With our first series of experiments, we succeeded to decompose and measure preserved functions and those affected by aging within complex search tasks. A very interesting and encouraging result was that hybrid search behavior was well-preserved in older observers. Besides some general slowing, older observers did not have problems searching for any of up to 64(!) items that they held in memory. This finding is relevant to advance neuropsychological understanding and assessment of age-related (and potentially other disease- related) changes in cognitive functioning. It suggests that the simplification of task structure and stimulus material used in most conventional tests may overestimate age-related deficits in more natural searches. Extended search tasks may therefore be a more appropriate “baseline” measure of cognitive abilities in healthy aging and could be particularly suited to differentiate between normal aging, subtle/early, and severe, clinically-relevant cognitive decline. Thus, in the future, the clinical relevance could now be tested by assessing individuals who report subjective memory decline and patients diagnosed with mild cognitive impairment, which is associated with memory problems and often proceeds to Alzheimer’s disease.
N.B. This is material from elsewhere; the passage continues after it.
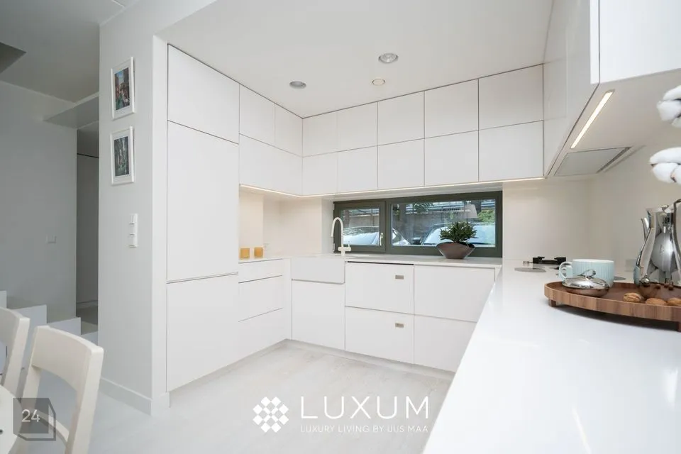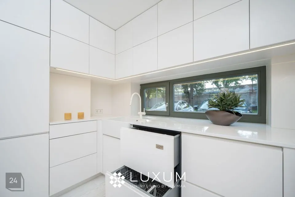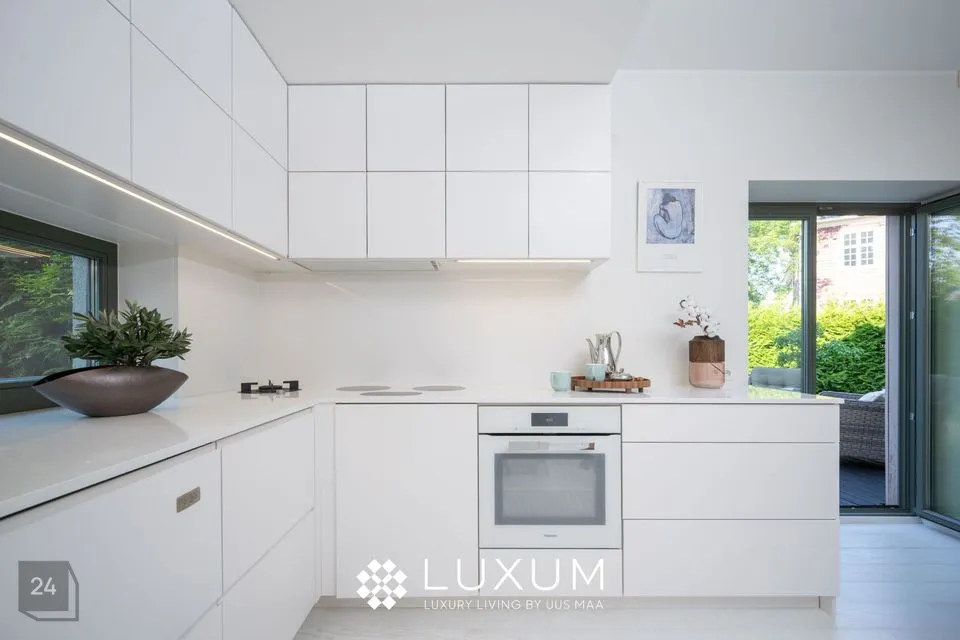 Köök on sisustatud kvaliteetse tehnikaga (pliit, ahi, õhupuhasti, nõudepesumasin, külmik) ning pakub rohkelt tööpinda ja kapiruumi.

Another further prospect is to identify neural correlates of age differences in hybrid search by combining experimental tasks with EEG. Several EEG-compatible paradigms have already been developed in the course of the project. In younger adults, using these paradigms, we identified distinct event-related potentials (ERPs) in the EEG that mark the involvement of working memory and long-term memory processes involved in hybrid search. In the future, we will collect data of older sample groups and expect to find a stronger ERPs indicative of compensatory activity in high-performing older adults. This will contribute to the understanding of the neuro-cognitive mechanisms of cognitive reserve and it's relevance for important daily activities.
Together, the projects results advance our understanding of cognitive health in older age and the development of better neuropsychological assessment tools to measure cognitive functions in the elderly. Understanding and measuring cognitive decline and preservation in older adults is relevant, as cognitive frailty in aging reduces older adults’ fitness for work and increases their need for care, thus is both a personal and socio-economic challenge of the aging EU society.